Будучи историком-классиком, Нелли не была знакома со школами поэтики XX века, образующими многомерную паутину, видящими текст совершенно по-разному, тоже как своеобразную многомерную паутину; поэтому она с легкостью решила, что будет следовать малоизвестным ей структуралистам. Она утверждала, что ее не интересует ни то, что стоит «за» текстом, ни то, что было «до» него — его ветвистые, невидимые читателю корни. Она не умела соотнести текстовое пространство с более широким его контекстом, она не успевала разобраться в аллюзиях и реминисценциях. Это позволяло ей оправдывать в своих собственных глазах недостаток как формальных, так и историко-литературных знаний. Таким образом, все ей казалось открытием: и метод, и открывающиеся смыслы. Блуждая среди полуиллюзорных слоев текста (о количестве и взаимопроникновении которых ведется столько споров), она в каком-то упоении отдавала себя поиску его цельности и, сама этого почти не осознав, она вышла на совсем другую дорогу. Полагая, что не следует ничего знать, кроме замкнутого на себе текста, и все «выводить» лишь из него, она и не заметила, как вышла далеко за его пределы. Нелли вошла в этот текст, как в иной мир, и стала жить в нем уже не только его, текстовой, но и своей собственной жизнью. Затем она вышла из него так же легко, как и вошла, и оказалась в евангельской реальности. То, что Нелли обнаруживала в Евангелии, она причудливым образом приписывала роману, интерпретируя его с точки зрения истории Иисуса из Назарета. В романе же для нее история Иешуа вытесняла все. Так и ходила она взад и вперед по одной только ей ведомой дороге между Евангелием и повествованием Булгакова.

150

Слушая ее за нашим первым чаем, я испытала некоторое разочарование, и неллин анализ не пленил меня. Я поверила, что она — структуралист-любитель, хотя в ней не было и следа отстраненности, которой структуралисты так кичатся и которую выдают за незыблемую объективность. Но меня щемяще растрогала мужественная старушка, снимающая жалкую комнатку, живущая милостью приходящих к ней поклонников истинного и прекрасного, бесконечно скитающаяся по дорогам, испрашивая знаний, как милостыни. Ее жадная до истины душа взирала на меня с птичьим выражением, но я тогда не оценила эту искательницу духовных и интеллектуальных приключений. Я стала ей по-учительски возражать, перечисляя, какими категориями, фактами, текстами, структурами, системами ей надо было оперировать, чтобы выявить смысловые пласты «Мастера». Она смешно отмахивалась руками, как будто отгоняла мух.
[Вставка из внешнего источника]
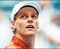
बदलावों का खुलासा नहीं किया. सिनर का मानना है कि इन बदलावों की वजह से शुरुआत में कुछ गलतियां हो सकती हैं. उन्होंने कहा, फिलहाल गलतियों की संख्या थोड़ी ज्यादा है, लेकिन मुझे उम्मीद है कि इसका परिणाम बहुत सकारात्मक होगा. सिनर, जिन्होंने पिछले साल चाइना ओपन के फाइनल में अल्काराज से हार का सामना किया था, गुरुवार को क्रोएशिया के मारिन सिलिच के खिलाफ अपने खिलाफ को रक्षा करने की कोशिश करेंगे.

किसी भी खिलाड़ी को भारतीय दल में तभी जगह मिलेगी जब उसने आगामी एशियाई खेलों से 12 महीने पहले आयोजित किसी अंतरराष्ट्रीय प्रतियोगिता में पिछले एशियाई खेलों के छठे स्थान के प्रदर्शन के बराबर या उससे बेहतर प्रदर्शन किया हो. यदि खेल पिछले एशियाई खेलों में शामिल नहीं था, तो चयन मानदंड आगामी एशियाई खेलों से 12 महीने पहले आयोजित सीनियर एशियाई चैंपियनशिप के समान मानकों पर आधारित होंगे. खेल प्राधिकरण के विश्लेषकों की राय के आधार पर उचित कारणों से किसी खिलाड़ी या टीम की भागीदारी की सिफारिश की जाती है. बोर्जिंग, 24 सितम्बर. यूएस ओपन फाइनल में कार्लोस अल्काराज से हारने के बाद, इतालवी टेनिस खिलाड़ी जैकिक सिनर ने अपने खेल में कई बदलाव किए हैं. 24 साल के सिनर, जो अब विश्व में दूसरे नंबर के खिलाड़ी हैं, ने कहा कि वह इस हार के बाद से अपने खेल में लगातार सुधार कर रहे हैं. यूएस ओपन फाइनल में अल्काराज के हाथों हारने के बाद सिनर ने स्वीकार किया था कि अपने प्रतिद्वंद्वी को हराने के लिए उन्हें अपने खेल को और अधिक अप्रत्याशित बनाना होगा. बोर्जिंग में चाइना ओपन से पहले, सिनर ने कहा, हमने बहुत कुछ सोचा है. उन्होंने यह भी बताया कि वह अपने खेल में कई छोटी-मोटी चीजें बदल रहे हैं, हालांकि उन्होंने इन बदलावों का खुलासा नहीं किया. सिनर का मानना है कि इन बदलावों की वजह से शुरुआत में कुछ गलतियां हो सकती हैं. उन्होंने कहा, फिलहाल गलतियों की संख्या थोड़ी ज्यादा है, लेकिन मुझे उम्मीद है कि इसका परिणाम बहुत सकारात्मक होगा. सिनर, जिन्होंने पिछले साल चाइना ओपन के फाइनल में अल्काराज से हार का सामना किया था, गुरुवार को क्रोएशिया के मारिन सिलिच के खिलाफ अपने खिलाफ को रक्षा करने की कोशिश करेंगे.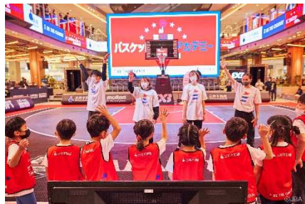
三井不動産スポーツアカデミー (バスケットボールアカデミー)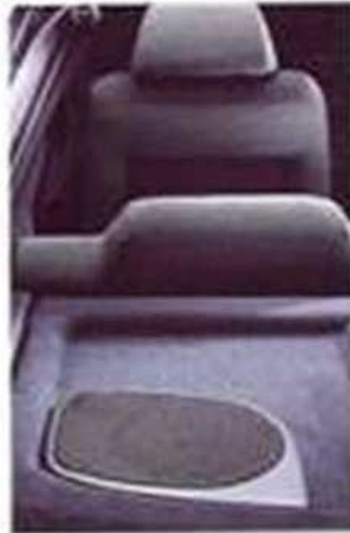
Fond portière munie de grilles (option)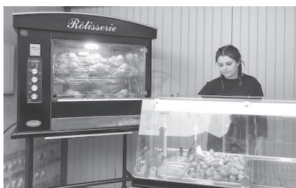
Nouveau service proposé par la Manufacture des Pains, vente de poulets rôtis le dimanche matin au 50 Rue Gombette

После первого визита я забросила Нелли и вернулась к ней лишь после моего первого путешествия в Англию, осенью 1977 г. Я тогда привезла ей глазные капли, которые для нее переслали из Рима Лидия Вячеславовна и Дмитрий Вячеславович Ивановы.

Когда я пришла к ней во второй раз, она рассказала про тот великий переворот, который некогда совершил в ее сознании Вячеслав Иванов: «Я получила атеистическое воспитание, я до встречи с ним не знала, что есть жизнь духа». Она обещала мне прочитать свой дневник о незабвенных бакинских днях. Я так и не увидела этот дневник, даже после ее смерти, хотя она мне его завещала.

Нелли внешне была похожа на подростка, ее движения были угловатые, немного резкие. Глаза ее горели от жажды знания. В них была какая-то «онтологическая тревога»: она во всем искала всеобщее. Она всюду искала цельного видения всего и самой себя. «Есть много Нелли, — сказала она мне при втором моем визите, — которые ведут между собой диалог. И какая же из них — настоящая? Это была бы та, которая помирила бы всех остальных между собой»... «Эта Нелли, — продолжала она, — была бы мистиком. Но что же делать? У меня этого дара нет». В другой раз она сказала: «Кто знает? Может быть, передо мной еще может отвориться какая-нибудь дверь?».

Из записи, датированной 27-м октября 1977 г., я узнаю, что у нас разгорелась оживленная дискуссия. Нелли забросала меня вопросами об антропософии, теософии, об откровениях Елены Ивановны Рерих. Она ведь знала, что мой муж — индолог, и ждала от меня раскрытия каких-то тайн и инициаций. Я не знала, что сказать, и отвечала весьма сухо. Тогда Нелли поставила мне диагноз в следующих словах: «Не знаю, поймем ли мы друг друга, с вашим материалистическим видением мира».Я бурно напала на нее: «Да что за глупости вы говорите? Да неужели у вас нет и капли интуиции? Вы что думаете, есть только два пути: или материализм или безграмотно-туманный лепет псевдомистиков, слышавших звон про Индию и не знающих, где он? Так знайте, что есть и третий путь, можно еще быть и христианином. Я — христианка».

Нелли явно была потрясена.

— Вы — христианка формально или же на самом деле? — спросила Нелли, бросая на меня свой самый пронизывающий взгляд.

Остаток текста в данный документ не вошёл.